Machine Learning Pipelines with Human Validations

By Yochay Ettun

Announcing new framework for building, deploying and automating machine learning pipelines: human validation

End-to-end machine learning and pipeline automation is a popular topic these days in the data science and engineering community. Companies are deploying more models to production, and they are re-fitting, re-training and re-calibrating their models continuously to keep their models running at peak performance.

It is remarkable to see a fully automated end-to-end pipeline in action. Watching it fetch the latest data, run through preprocessing and feature engineering, select the best model and finally update a production endpoint — all also can be triggered automatically due to model decay while in production. Advanced ML automation at scale is a major evolutionary step that will radically change the AI industry.

One of the problems with automating models deployment and retraining is that we think of models as software, which is not. Machine learning adds uncertainty to your software stack. It doesn’t matter how accurate your model is, or how confident you are in it — a slight change in data can introduce bias or impact model decisions, ultimately affecting your users, their experience and business outcome. It’s important for corporations to maintain the highest level of governance for their AI applications and perform responsible AI and ML automation to keep the models in check. That is why cnvrg.io is releasing new features to ensure end-to-end governance throughout the ML lifecycle.

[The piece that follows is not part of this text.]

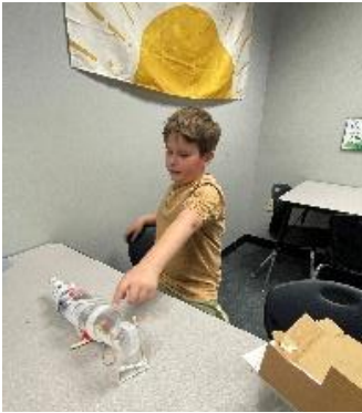
New toy prototype
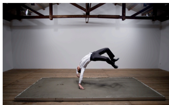
fig. 2 "infinity" (2006); HDV, 04:38 min., courtesy of Takuro Someya Contemporary Art, copy right(c) Mai YAMASHITA + Naoto KOBAYASHI

Responsible AI and ML automation with Human Validations

We have developed a new framework for building, deploying and automating machine learning pipelines: human validation. A framework that enables high level automation (or complete automation) with the option to involve a human to approve production deployment – maintaining a fast and responsible ML deployment.

Just like merging a PR in git might trigger a CD pipeline, the above framework will allow you to view a model and its report (data, algorithms, hyperparameter and metrics) before deploying it to the production environment. cnvrg.io comes packaged with 100% reproducible data science, ML pipeline automation and model deployment enabling a complete CICD ML pipeline with human validation.

How does it work?

Here’s a real life example of how this feature can be used with cnvrg.io. Assume we have the following pipeline set: A recommendation engine built by ingesting data from S3 and BigQuery, running preprocessing using Spark on Kubernetes, followed by model training using TensorFlow and XGBoost over GPU and CPU clusters. Finally, cnvrg.io will pick the top performing model and a Kubernetes endpoint is rolled over to the champion model. This pipeline runs on a programmable recurring basis – in this case once a week. It is 100% automated wherein each week it fetches the latest data, re-trains and re-deploys the model.

We will add a mechanism ensuring that every time a new model is ready for deployment, it needs to be explicitly approved by the relevant data scientist or product manager. In this example, we are deploying a recommendation engine. Our recommendation engine is used by millions of users, and we want to be confident that any production update is being carefully critiqued before release.

With cnvrg.io’s human validation – we can update the “deployment” task and add a condition that it will initiate deployment, only after a human reviews it and grants approval:

This flow can also be modified using a YAML config file by adding the following condition to a task:
objective: human_validation

target: username,username2

Then, each time the pipeline runs and reaches the deployment component, it will email the designated decision makers “username, username2” alerting them that the task is waiting for their approval. They can then inspect the model and either approve the deployment or prohibit the flow from advancing.